Exercise -> Records follow. Print exactly the lines from the one that has "blogger und youtuber" through the one that has "With a barbecue", inclusive, and omit the pictures.

Given records ->
===============
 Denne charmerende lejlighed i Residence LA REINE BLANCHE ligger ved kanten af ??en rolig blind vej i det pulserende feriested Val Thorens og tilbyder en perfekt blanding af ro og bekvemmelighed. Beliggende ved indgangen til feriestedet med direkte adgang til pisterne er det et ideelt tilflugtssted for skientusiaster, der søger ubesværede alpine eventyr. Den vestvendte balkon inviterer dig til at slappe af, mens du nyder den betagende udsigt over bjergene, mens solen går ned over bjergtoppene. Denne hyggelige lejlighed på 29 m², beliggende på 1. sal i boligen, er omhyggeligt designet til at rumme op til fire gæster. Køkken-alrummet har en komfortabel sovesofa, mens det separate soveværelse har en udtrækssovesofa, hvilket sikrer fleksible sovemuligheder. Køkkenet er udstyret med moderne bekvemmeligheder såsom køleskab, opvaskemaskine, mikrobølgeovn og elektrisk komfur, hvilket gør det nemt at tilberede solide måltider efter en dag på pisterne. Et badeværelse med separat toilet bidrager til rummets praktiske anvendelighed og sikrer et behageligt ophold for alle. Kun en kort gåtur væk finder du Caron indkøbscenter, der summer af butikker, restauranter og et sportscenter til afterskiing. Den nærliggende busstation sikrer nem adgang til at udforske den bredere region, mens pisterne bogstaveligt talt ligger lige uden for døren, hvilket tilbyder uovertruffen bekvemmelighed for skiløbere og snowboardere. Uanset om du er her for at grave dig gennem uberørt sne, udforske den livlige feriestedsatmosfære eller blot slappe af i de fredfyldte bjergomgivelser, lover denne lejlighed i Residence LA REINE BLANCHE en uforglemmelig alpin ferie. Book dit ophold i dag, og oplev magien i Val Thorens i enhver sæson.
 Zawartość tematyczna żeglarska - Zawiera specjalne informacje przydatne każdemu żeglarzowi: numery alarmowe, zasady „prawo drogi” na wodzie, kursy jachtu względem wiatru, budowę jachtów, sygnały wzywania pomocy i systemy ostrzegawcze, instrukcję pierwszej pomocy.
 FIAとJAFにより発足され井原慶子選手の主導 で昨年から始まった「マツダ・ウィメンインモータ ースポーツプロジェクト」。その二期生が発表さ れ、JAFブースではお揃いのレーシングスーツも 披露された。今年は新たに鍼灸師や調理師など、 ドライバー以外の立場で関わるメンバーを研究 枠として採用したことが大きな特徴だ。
===============
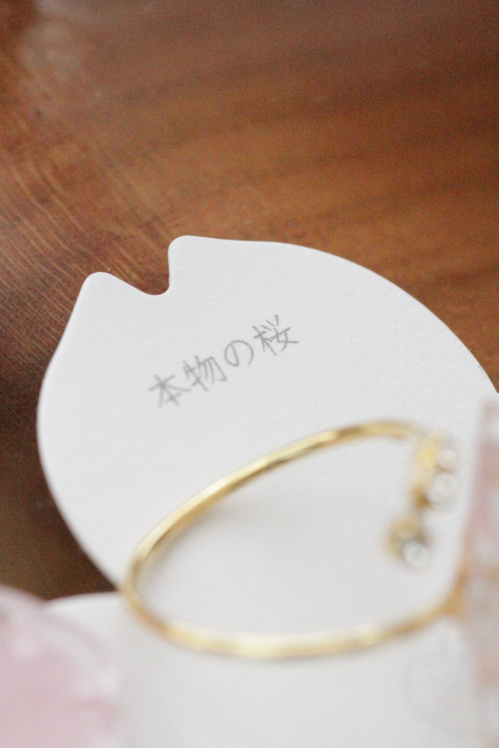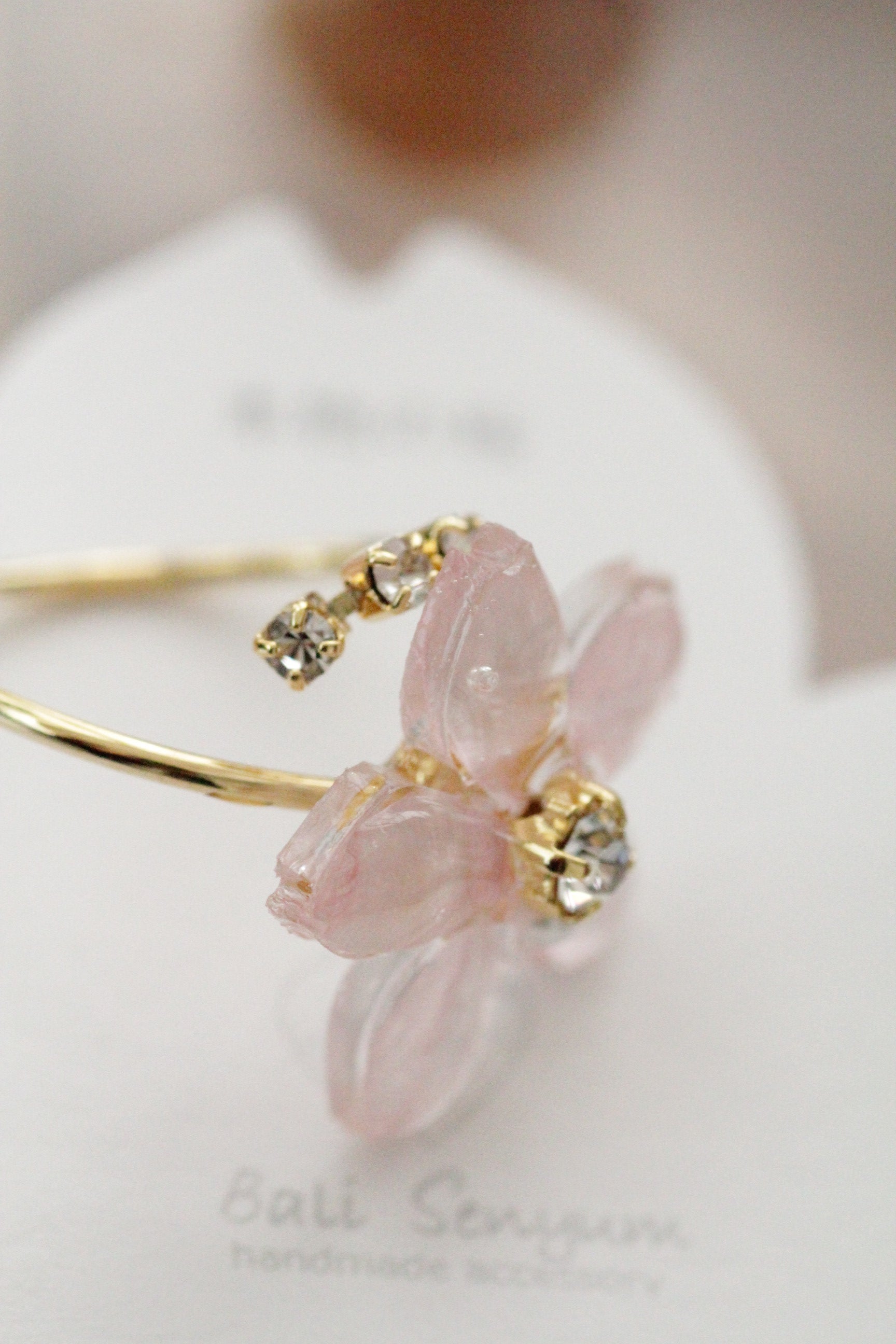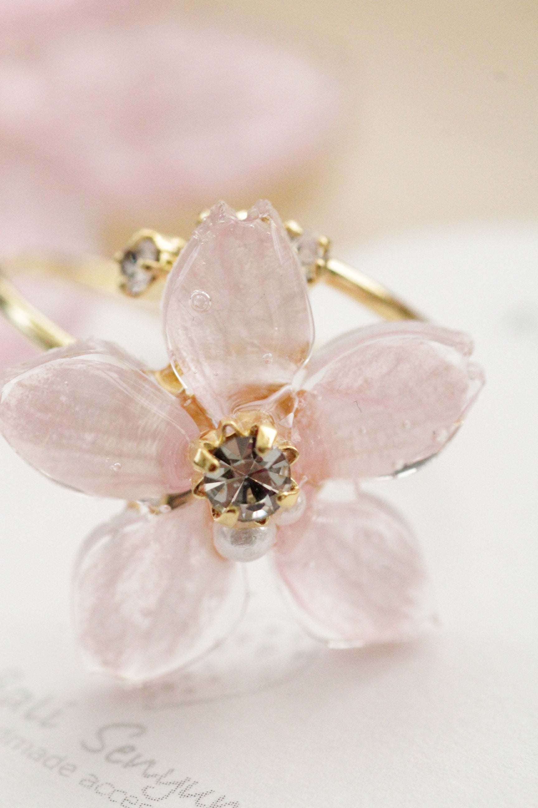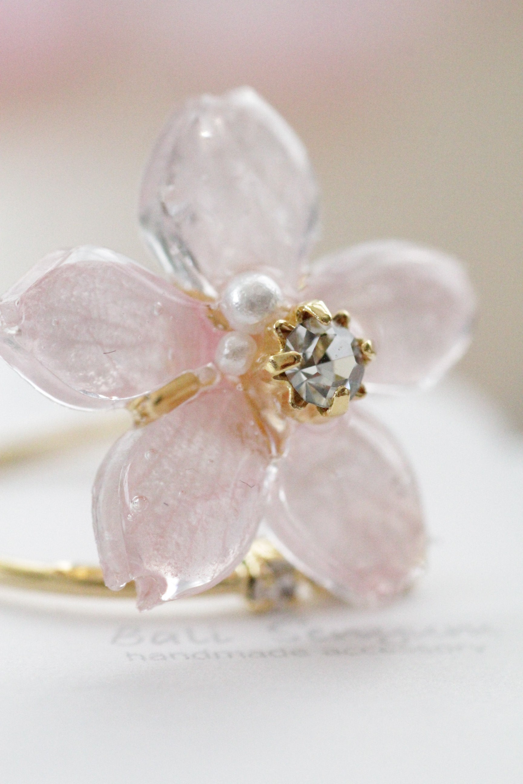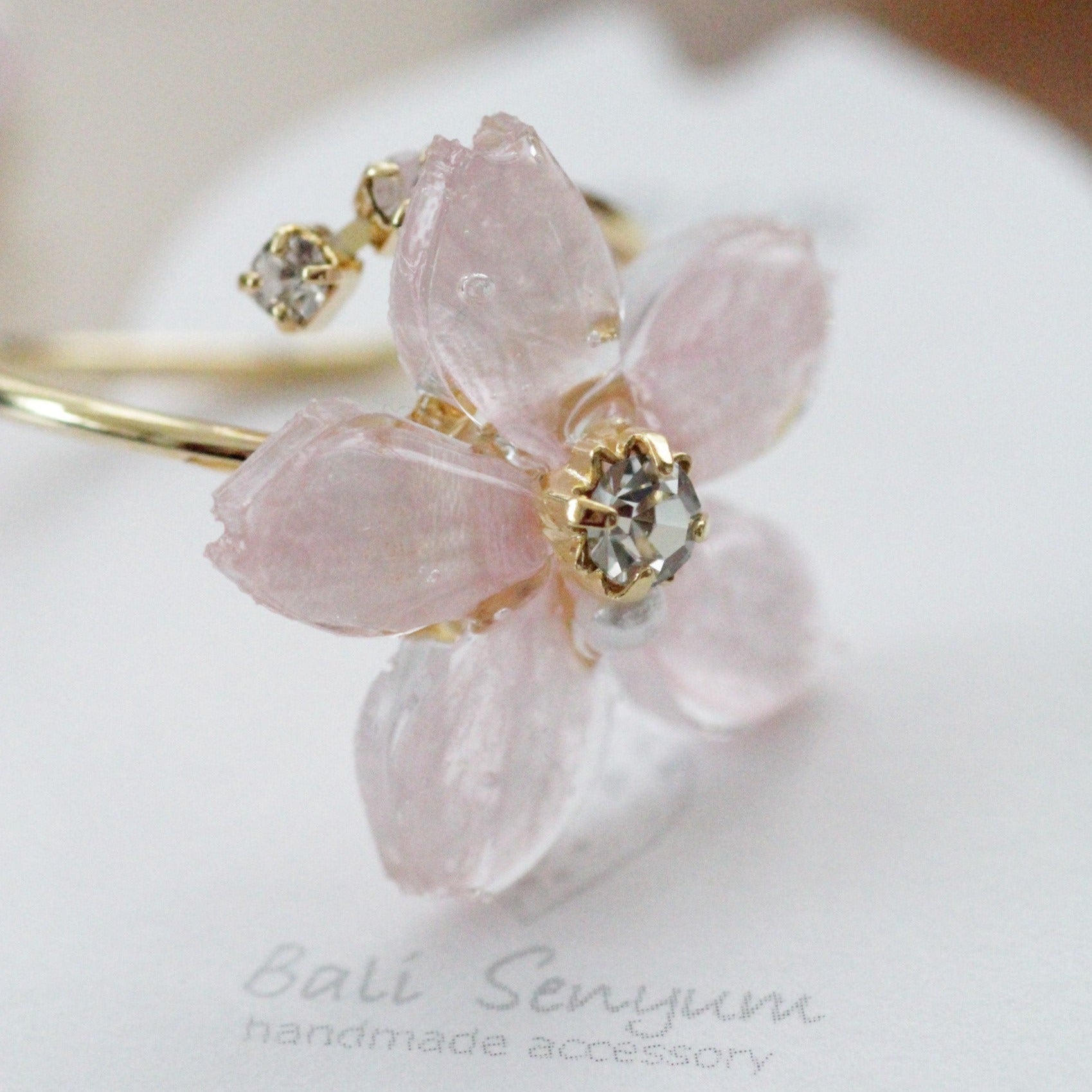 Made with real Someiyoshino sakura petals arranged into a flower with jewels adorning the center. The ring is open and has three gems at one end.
===============
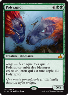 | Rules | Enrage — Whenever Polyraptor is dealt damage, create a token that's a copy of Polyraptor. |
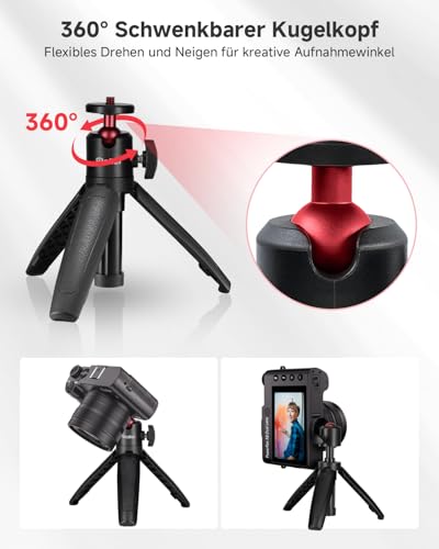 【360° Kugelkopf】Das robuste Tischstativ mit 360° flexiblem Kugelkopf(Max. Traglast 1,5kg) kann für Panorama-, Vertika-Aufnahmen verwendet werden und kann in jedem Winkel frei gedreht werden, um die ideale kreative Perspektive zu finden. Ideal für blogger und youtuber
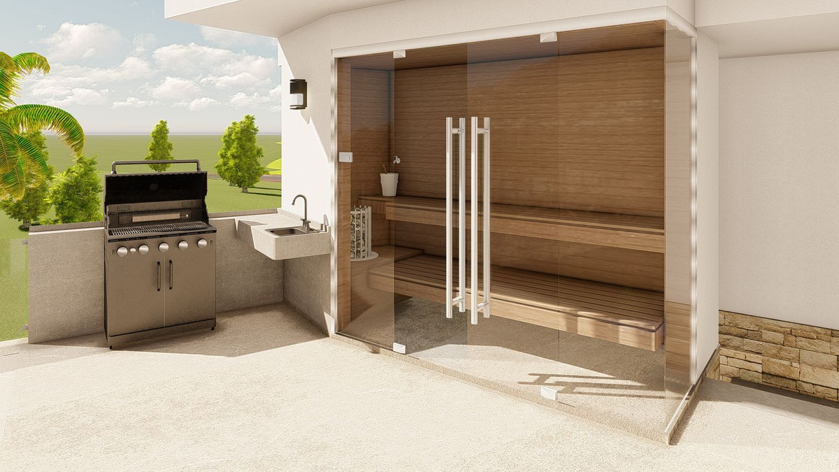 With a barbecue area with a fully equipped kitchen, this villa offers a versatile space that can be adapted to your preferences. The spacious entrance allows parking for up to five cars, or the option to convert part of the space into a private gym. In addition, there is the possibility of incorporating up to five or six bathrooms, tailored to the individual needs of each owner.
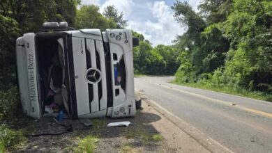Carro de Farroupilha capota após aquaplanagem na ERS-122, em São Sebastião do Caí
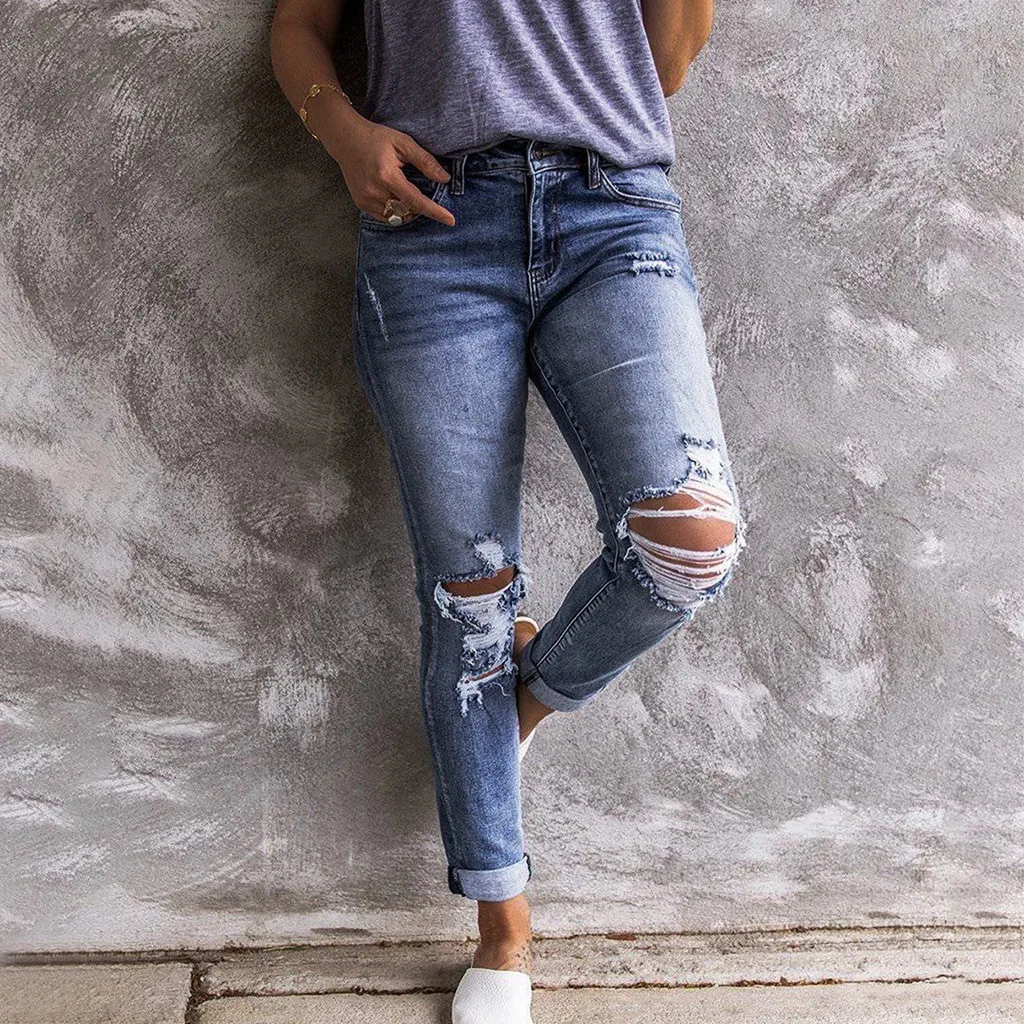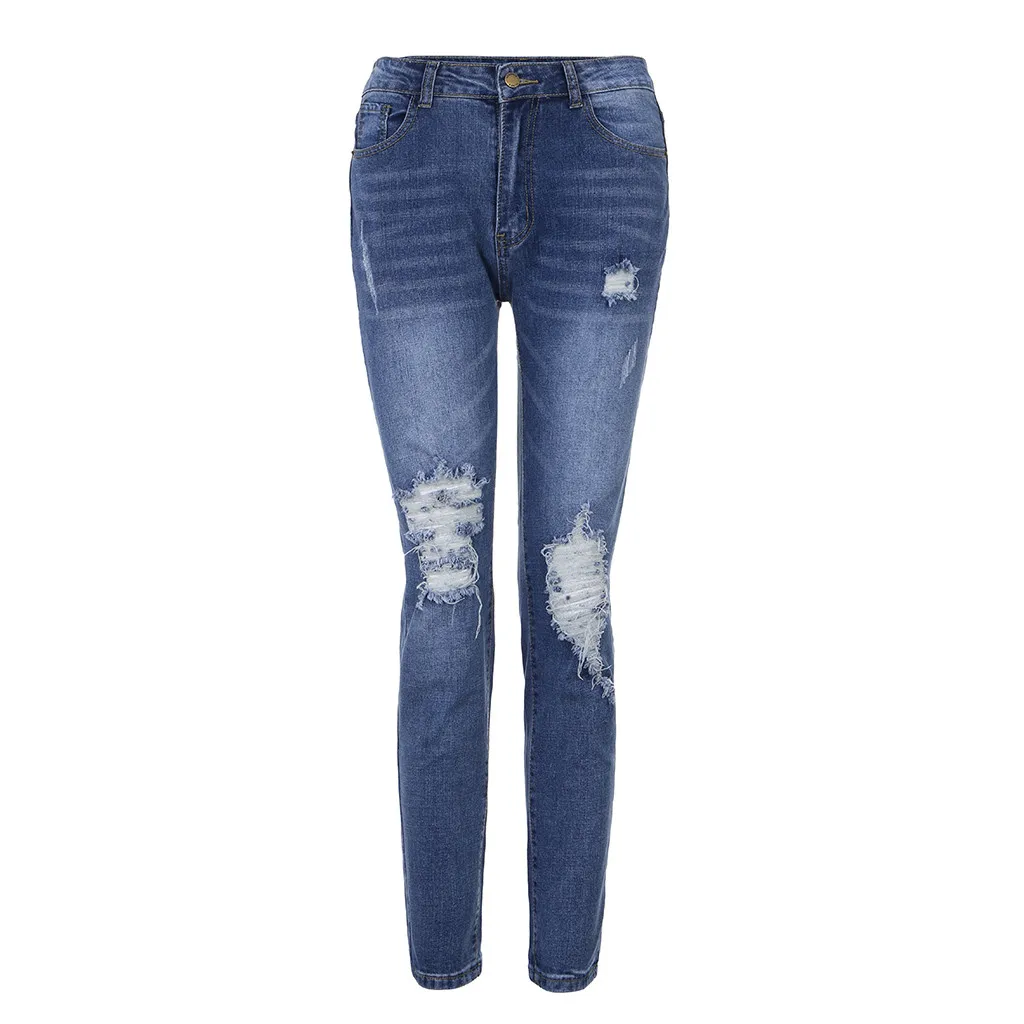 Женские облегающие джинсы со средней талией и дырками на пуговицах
===============
Task answer ->
 【360° Kugelkopf】Das robuste Tischstativ mit 360° flexiblem Kugelkopf(Max. Traglast 1,5kg) kann für Panorama-, Vertika-Aufnahmen verwendet werden und kann in jedem Winkel frei gedreht werden, um die ideale kreative Perspektive zu finden. Ideal für blogger und youtuber
 With a barbecue area with a fully equipped kitchen, this villa offers a versatile space that can be adapted to your preferences. The spacious entrance allows parking for up to five cars, or the option to convert part of the space into a private gym. In addition, there is the possibility of incorporating up to five or six bathrooms, tailored to the individual needs of each owner.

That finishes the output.